Immunological consequences
The severe reduction in iNKT cells in CD27-deficient patients during massive EBV-LPD (i.e. Patients 1 and 6; Table 1 and Online Supplementary Figure S1) may further support a primary role of iNKT cells for EBV-LPD pathogenesis as described previously in SAP, XIAP and ITK deficiency,25249 implicating that the CD70-CD27 axis acts as a co-stimulatory requirement for development and/or maintenance of iNKT cells, or it may be a secondary phenomenon.
Similar to other subtle T-cell disorders, such as SAP-, XIAP- and ITK deficiency, our data suggest that immunity against other viral infections does not seem as severely compromised in human CD27 deficiency.
Other clinically relevant consequences of CD27 dysfunction might include: i) decreased memory formation to viral (including vaccine protein) antigens;264 and ii) perturbed anti-tumor immunity of T cells,27 γδT cells,28 and NK cells,3029 potentially leading to an increased risk of other malignomas in addition to EBV-lymphomas. It is likely that more individuals with dysfunctional CD27 will be identified among patient cohorts with hypogamma-globulinemia (with or without EBV-LPD) and absent CD27-expressing memory B cells, potentially leading to the recognition of CD27 deficiency as a novel, albeit probably a rare, combined immunodeficiency.3331 Of note, Patients 1 and 3 also showed expansion of transitional and CD21 B cells, which is reportedly associated with increased risks of lymphadenopathy, splenomegaly, and granuloma formation in CVID, similar to XLP patients.34
Conclusions
CD27 deficiency should be considered in all patients with hypogammaglobulinemia or unusually severe causes of EBV infection in order to allow for an individualized treatment based upon the experience with this condition so far. Our results illustrate that modern genomic technologies such as WES may identify and confirm disease-causing mutations in monogenetic recessive diseases even with limited numbers of affected individuals. Future studies to clarify the cellular pathomechanistic consequences of CD27 deficiency are warranted.
Acknowledgments
The authors thank the patients’ families and the staff of the immunology outpatient clinics and hematology-oncology wards for their co-operation, Drs. H. Gadner, A. Heitger, and G. Mann (Vienna) for their support in experimental analyses, clinical advice, and helpful comments, Dr. S. Ehl and his team (Freiburg) for critical review of the manuscript and HLH diagnostics including NK cytotoxicity assays, and Dr. W. Schwinger (Graz) for TCR Vβ spectratyping. The authors from Vienna thank Drs. M. Eibl and H. Wolf for referral of Family A and constructive discussions.
Footnotes
- ↵* ES and SD contributed equally to this work;
- ↵# AB, KBoztug, KBienemann and MGS contributed equally to this work.

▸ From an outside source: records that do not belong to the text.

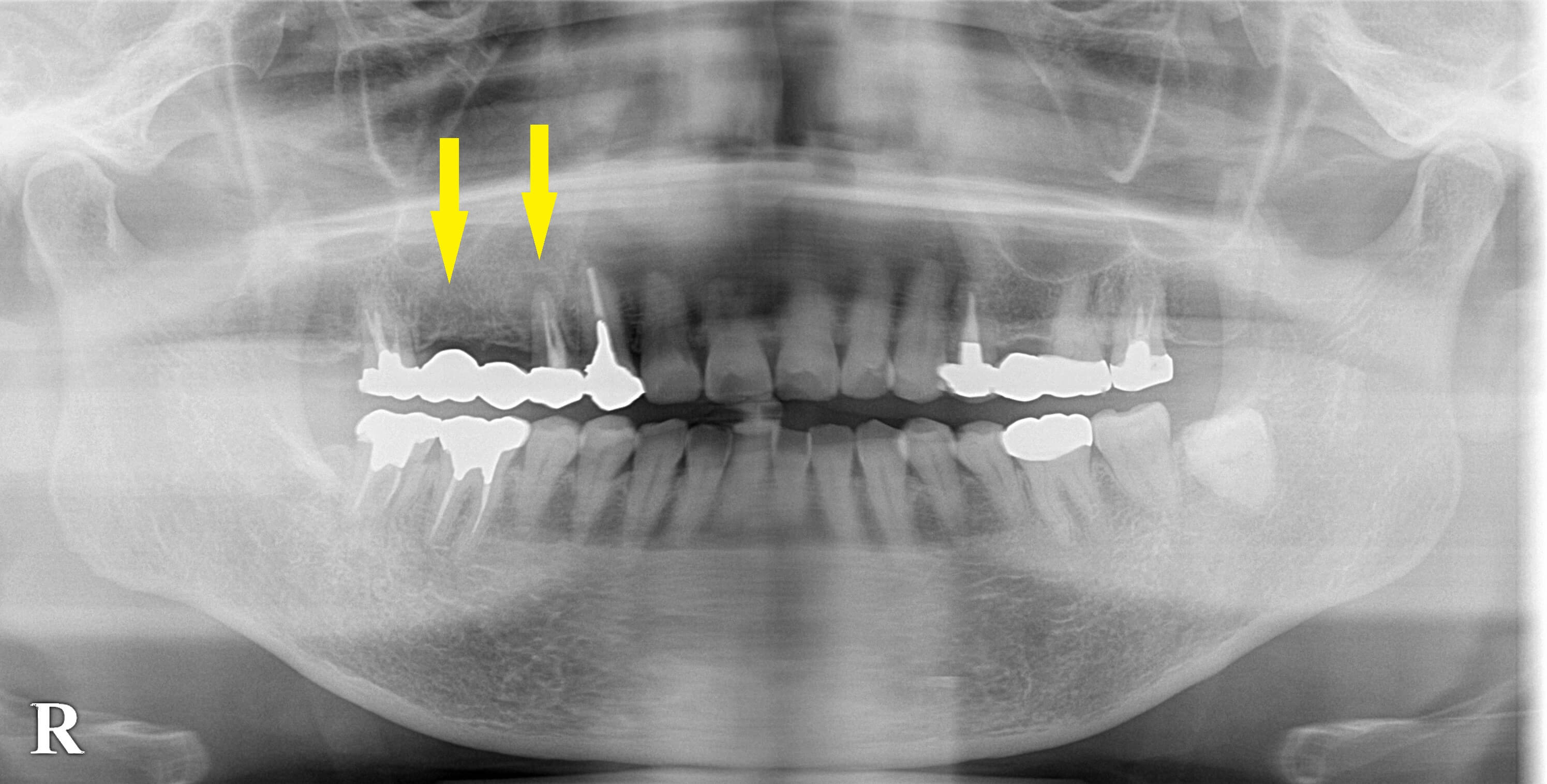 右上顎にブリッジが装着されていたのですが、支えになっている前方の歯が破折してきてしまいブリッジが外れてしまったそうです。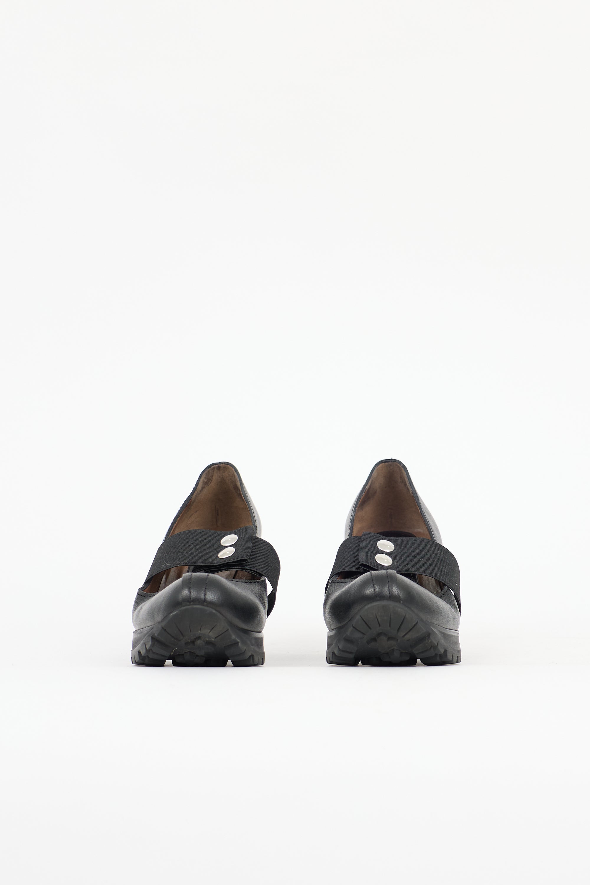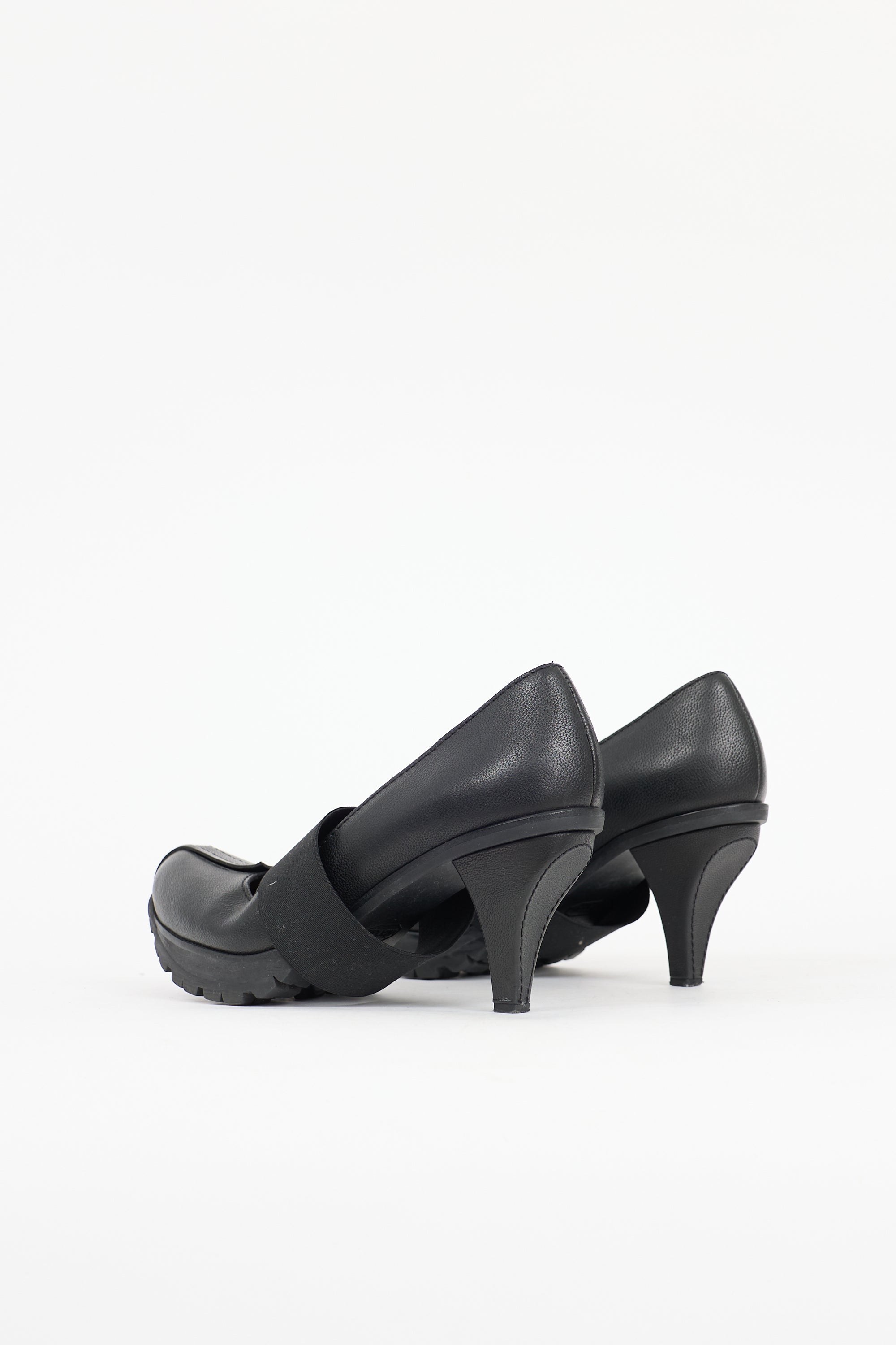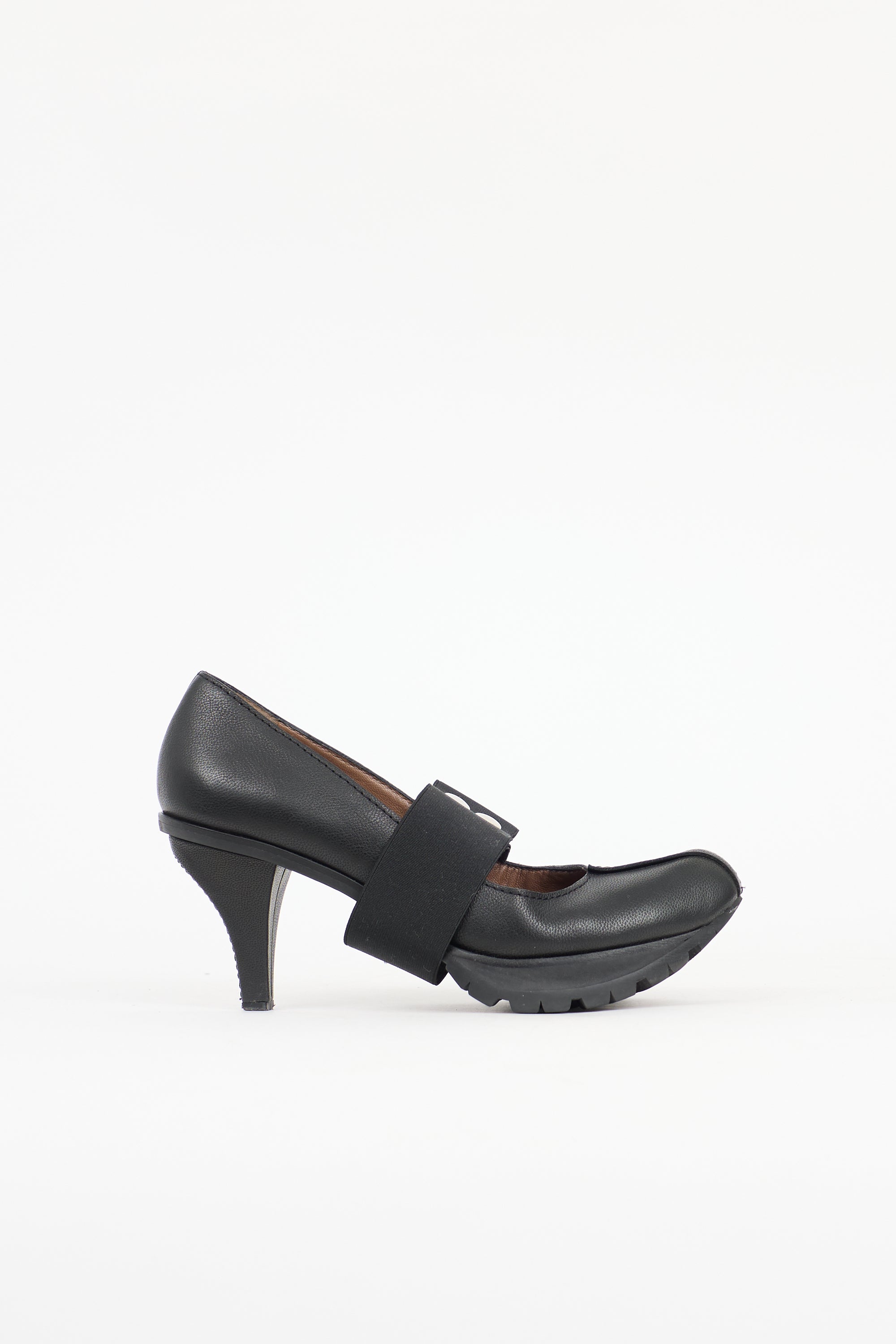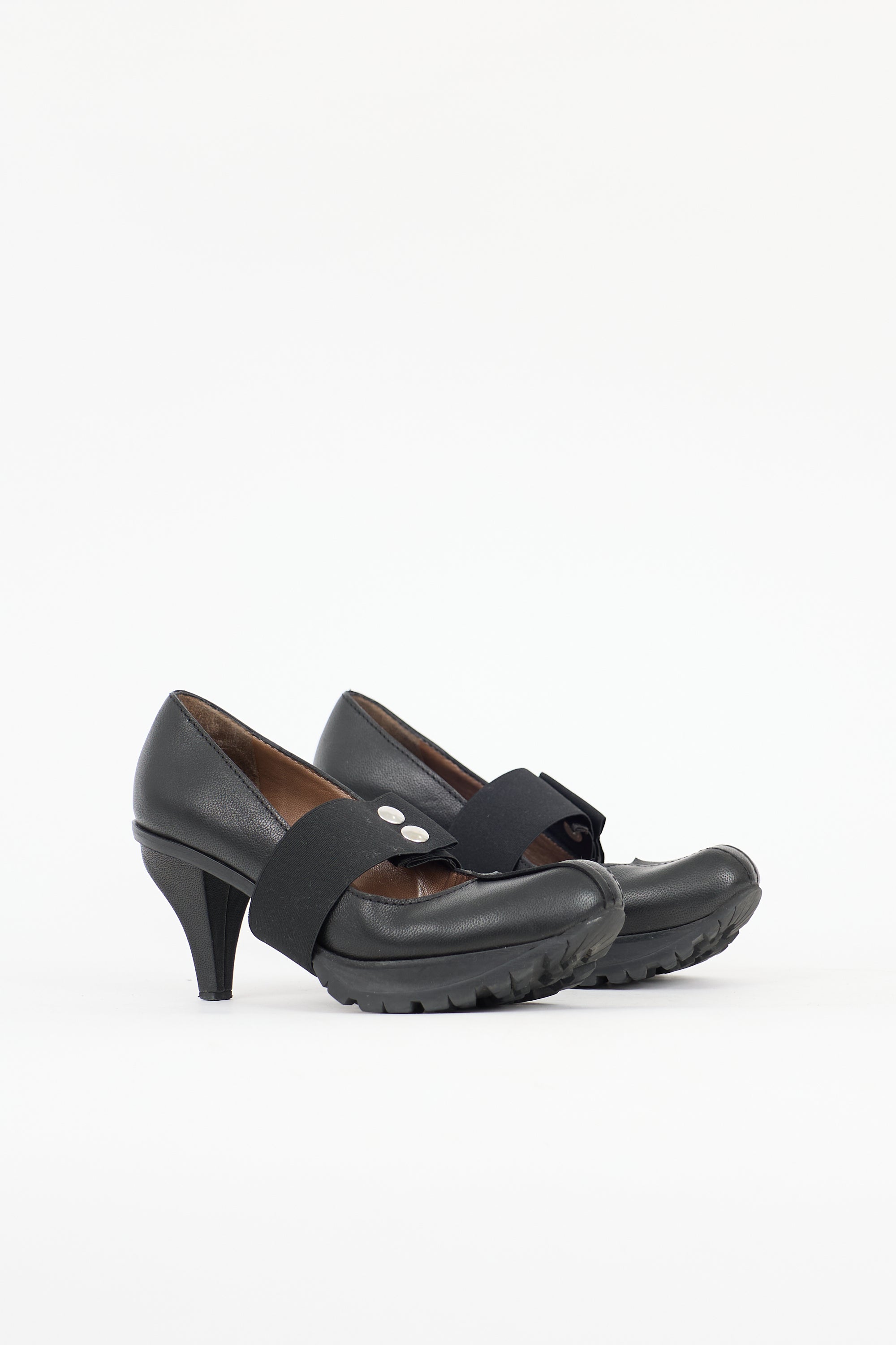 Pre-owned Marni black leather mary jane pump featuring a rounded toe, elasticized strap around vamp with snap button fastening, covered cone heel, and a treaded rubber outsole. Comes with original dust bag.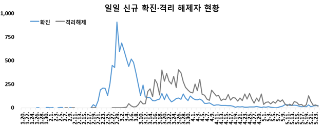 ▲확진자 일별 추세 (5.24. 0시 기준, 11,190명) |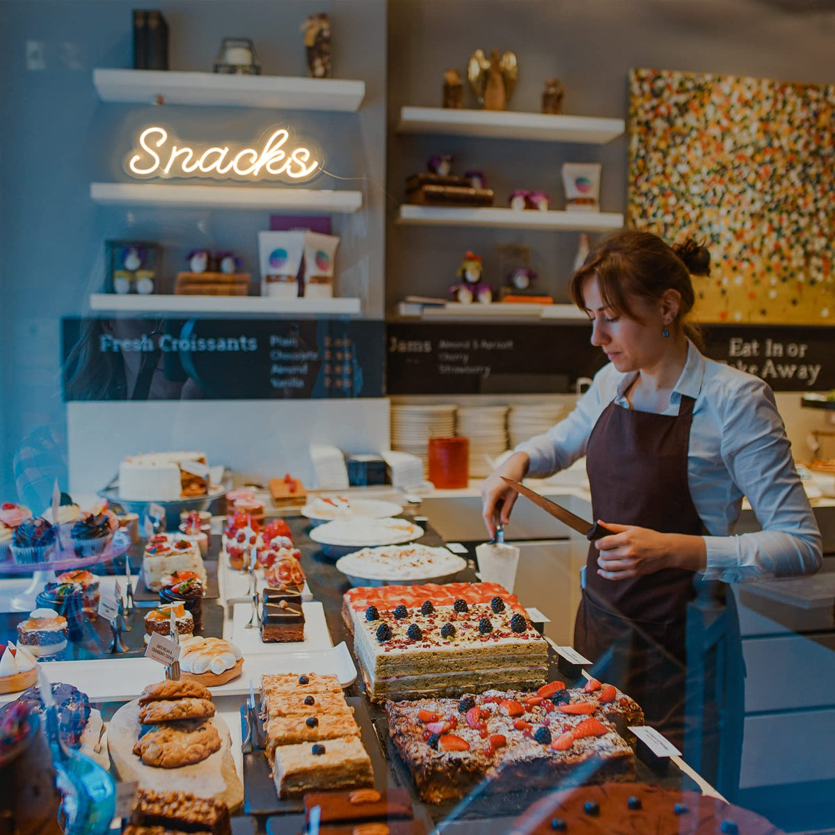 Transform your snack stall into an inviting haven with the KANAYA Warm White Snacks Neon Sign. Perfectly designed for snack bars, cafes, candy shops, and home entertaining areas, this neon sign adds a cozy ambiance while catching the eye of your customers.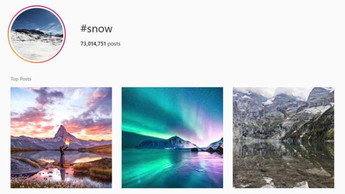 Допустим, вы пометили свое видео или фото с помощью #snow. Этот тег использовался на более чем 73 миллионах постов.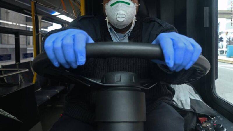 A bus driver for the Detroit city bus line DDOT poses for a portrait wearing a protective mask and gloves for protection in Detroit on March 24, 2020, during the novel coronavirus outbreak.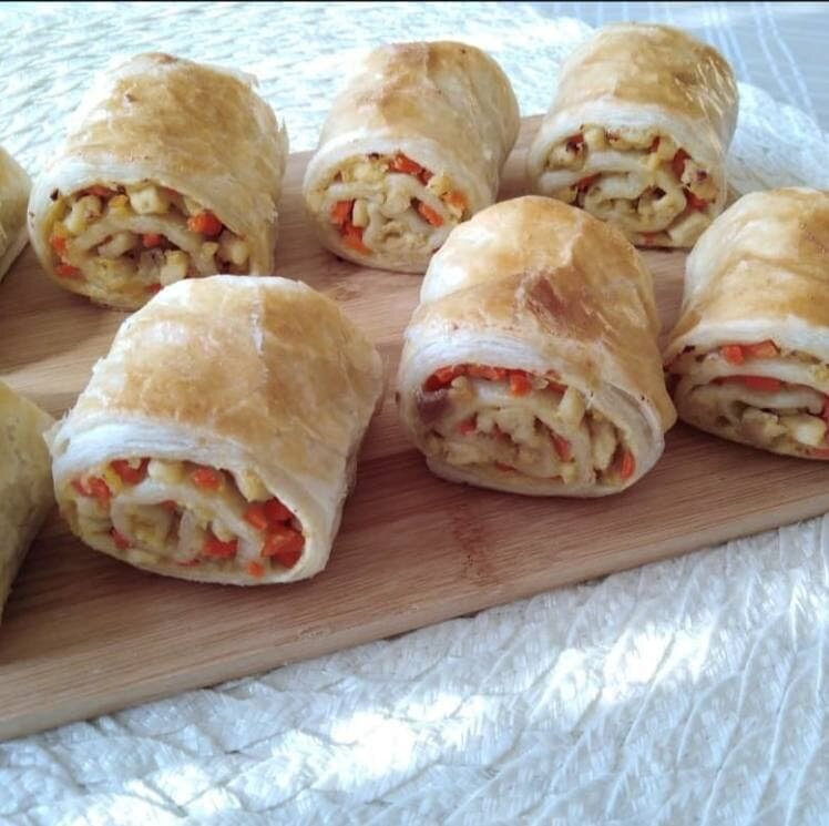 5️⃣Выложить рулетики на противень, смазать взбитым яйцом.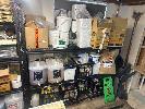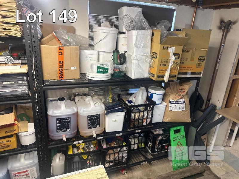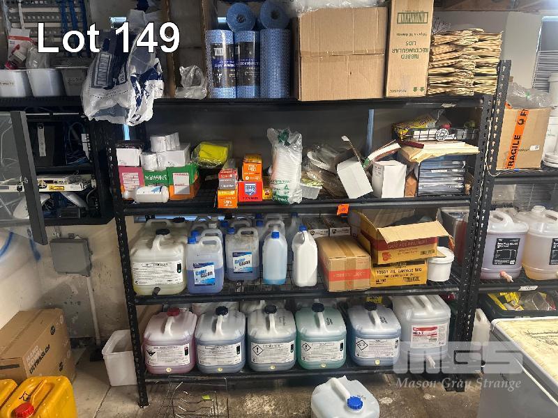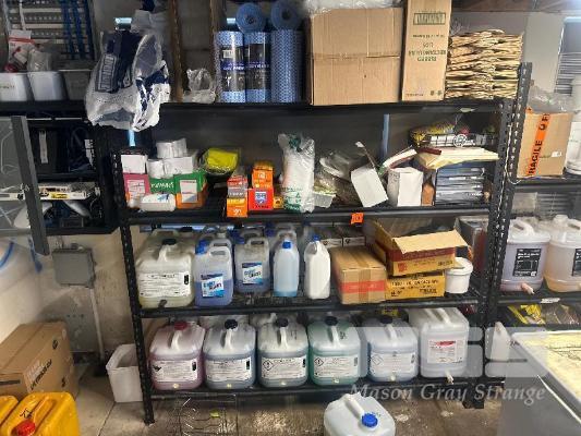 STORAGE RACKS, 1800 x 550 x 1800mm, 3 & 4 TIER WITH CONTENTS LARGE QUANTITY CLEANING PRODUCTS, COOKING OILS, TAKEAWAY CONTAINERS, ETC

- Funding Funding of parts of this work was provided by the Deutsche Forschungs Gemeinschaft (to KBi) and the START Programme of the Austrian Science Fund (FWF): [Y595B13] (to KBo).
- Authorship and Disclosures Information on authorship, contributions, and financial & other disclosures was provided by the authors and is available with the online version of this article at www.haematologica.org.
- Received May 3, 2012.
- Accepted July 5, 2012.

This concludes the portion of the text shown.